Calculating correlation coefficients is often starting point before more advanced steps take place. In big data world often both long (big data) and wide (many features) data is analyzed across complex structure using in-group correlations (calculations across multiple subsets). Aster R big data analytics offers various methods to calculate correlations at scale in big data settings. They differ in functionality, performance, etc. that could be implementation and could be summarized in the table below:
| Method / Properties | Feature Permutations | Group Calculations | SQL-MR | In-database R |
|---|---|---|---|---|
| Aster R ta.cor | N | N | Y | N |
| Aster R ta.tapply (in-database) | N | Y | N | Y |
| toaster computeCorrelations | Y | Y | Y | N |
Load Aster R (which in turn loads RODBC) and make ODBC connection to Aster.
This connection is saved into conn object for use with toaster package.
library(TeradataAsterR)
## Loading required package: RODBC
library(toaster)
library(ggplot2)
library(ggthemes)
library(reshape2)
conn = ta.connect("PreSalesCluster1-dallas", database ='dallas')
options(warn=-1)
Lahman baseball database (Aster script to create it can be found here) has the table batting with batting stats per player per year per single stint with a team.

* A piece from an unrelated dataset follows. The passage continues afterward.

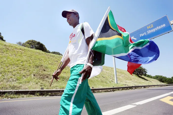 Jan Mabuyakhulu, 44, of Mtubatuba, set off from Richards Bay on November 21 and hopes to finish his walk in Margate on Friday.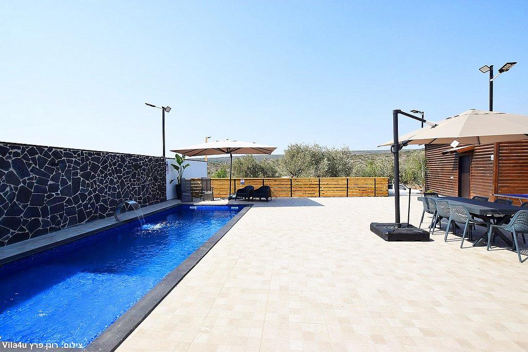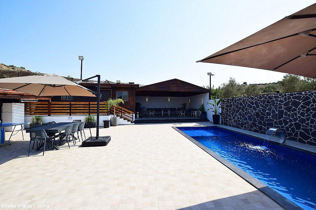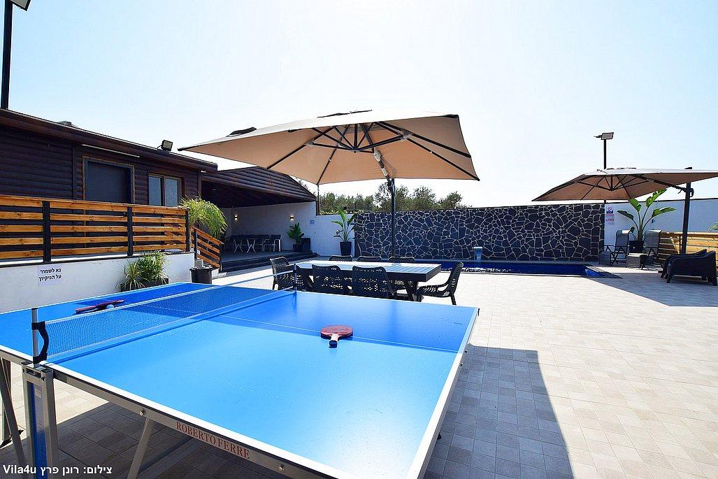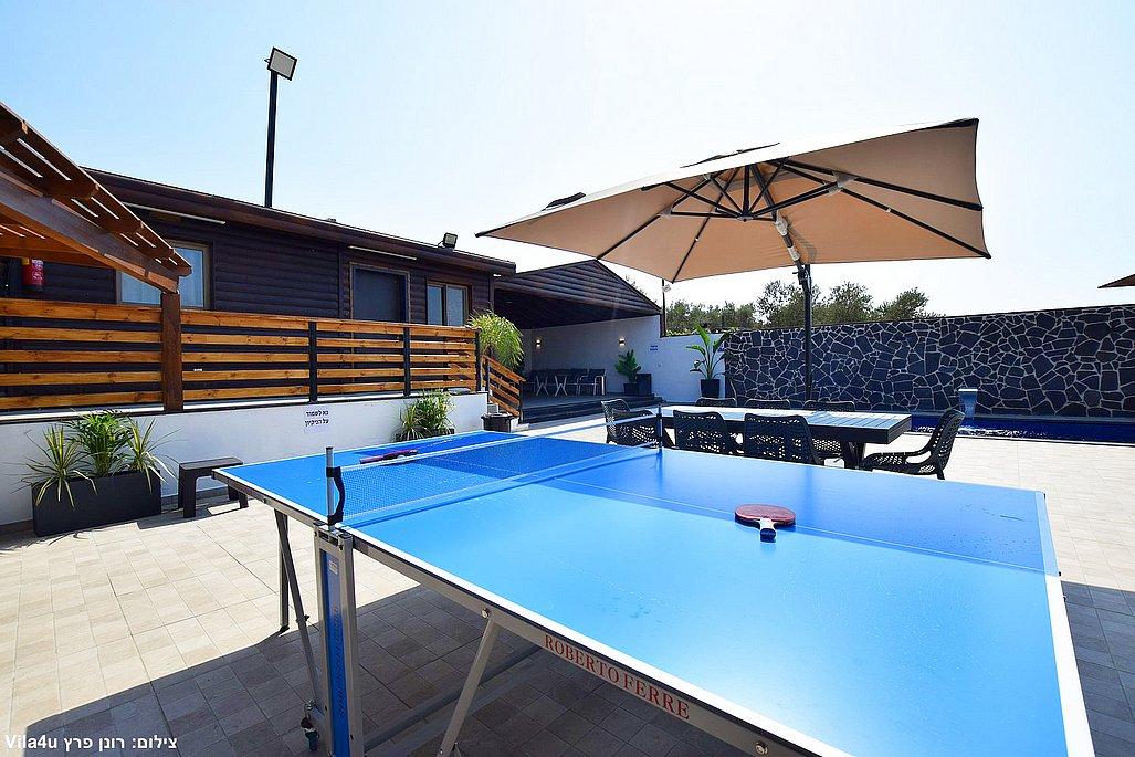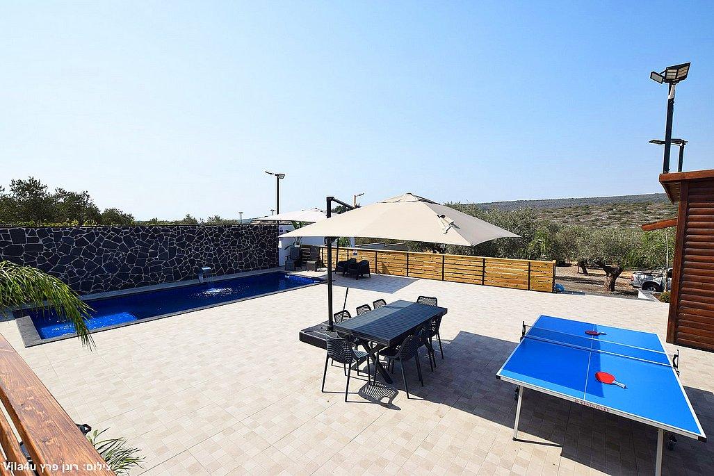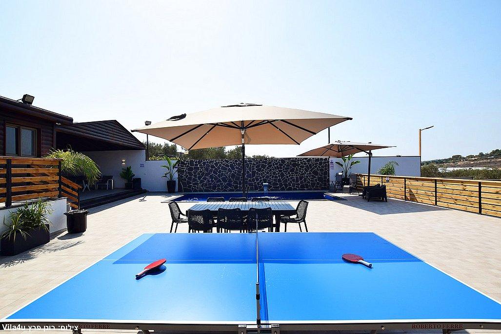 החצר הרחבה מטופחת ומזמינה – עם בריכת שחייה גדולה ונקייה, מיטות שיזוף, פינות ישיבה נעימות, שולחן פינג פונג, מטבח חיצוני מאובזר, עמדת BBQ ועוד המון פינוקים.

Having established connection to the database above we can load data into Aster R virtual data frame without actually moving any data between R and Aster yet:
batting_all = ta.data.frame("batting")
ta.nrow(batting_all)
## [1] 101332
ta.head(batting_all, n=10)
## playerid yearid stint teamid lgid g ab r h x2b x3b hr rbi sb cs bb
## 1 bassjo01 1871 1 CL1 NA 22 89 18 27 1 10 3 18 0 1 3
## 2 beaveed01 1871 1 TRO NA 3 15 7 6 0 0 0 5 2 0 0
## 3 bechtge01 1871 1 PH1 NA 20 94 24 33 9 1 1 21 4 0 2
## 4 biermch01 1871 1 FW1 NA 1 2 0 0 0 0 0 0 0 0 1
## 5 carleji01 1871 1 CL1 NA 29 127 31 32 8 1 0 18 2 1 8
## 6 fishech01 1871 1 RC1 NA 25 123 24 28 3 3 1 22 1 2 3
## 7 flynncl01 1871 1 TRO NA 29 142 43 48 6 1 0 27 3 3 4
## 8 fulmech01 1871 1 RC1 NA 16 63 11 17 1 3 0 3 0 0 5
## 9 mcbridi01 1871 1 PH1 NA 25 132 36 31 3 0 0 17 4 0 7
## 10 minched01 1871 1 FW1 NA 9 36 4 8 0 0 0 5 1 0 0
## so ibb hbp sh sf gidp
## 1 4 NA NA NA NA NA
## 2 0 NA NA NA NA NA
## 3 2 NA NA NA NA NA
## 4 0 NA NA NA NA NA
## 5 3 NA NA NA NA NA
## 6 1 NA NA NA NA NA
## 7 2 NA NA NA NA NA
## 8 1 NA NA NA NA NA
## 9 1 NA NA NA NA NA
## 10 0 NA NA NA NA NA
Lahman database stores complete histoy of baseball statistics beginning with XIX-th century, but we restrict analysis to last 35 years or so:
ta.colMins(batting_all$yearid)
## yearid
## 1871
bat = ta.subset(batting_all[,1:17], yearid >= 1980)
ta.nrow(bat)
## [1] 43971
ta.head(bat, n=10)
## playerid yearid stint teamid lgid g ab r h x2b x3b hr rbi sb cs
## 1 arroyfe01 1980 1 MIN AL 21 NA NA NA NA NA NA NA NA NA
## 2 bandosa01 1980 1 ML4 AL 78 254 28 50 12 1 5 31 5 3
## 3 bannifl01 1980 1 SEA AL 32 NA NA NA NA NA NA NA NA NA
## 4 barrji01 1980 1 CAL AL 24 NA NA NA NA NA NA NA NA NA
## 5 bassra01 1980 1 SDN NL 19 49 5 14 0 1 3 8 0 0
## 6 berenbr01 1980 1 CIN NL 6 7 1 0 0 0 0 0 0 0
## 7 bergmda01 1980 1 HOU NL 90 78 12 20 6 1 0 3 1 0
## 8 carbobe01 1980 1 SLN NL 14 11 0 2 0 0 0 0 0 0
## 9 carbobe01 1980 2 PIT NL 7 6 0 2 0 0 0 1 0 0
## 10 dauerri01 1980 1 BAL AL 152 557 71 158 32 0 2 63 3 2
## bb so
## 1 NA NA
## 2 29 35
## 3 NA NA
## 4 NA NA
## 5 7 7
## 6 0 2
## 7 10 10
## 8 1 0
## 9 1 1
## 10 46 19
Note ta.subset constrained data both ways: horizontally by filtering in time yearid >= 1980 and vertically by selecting only leading 17 columns [,1:17] .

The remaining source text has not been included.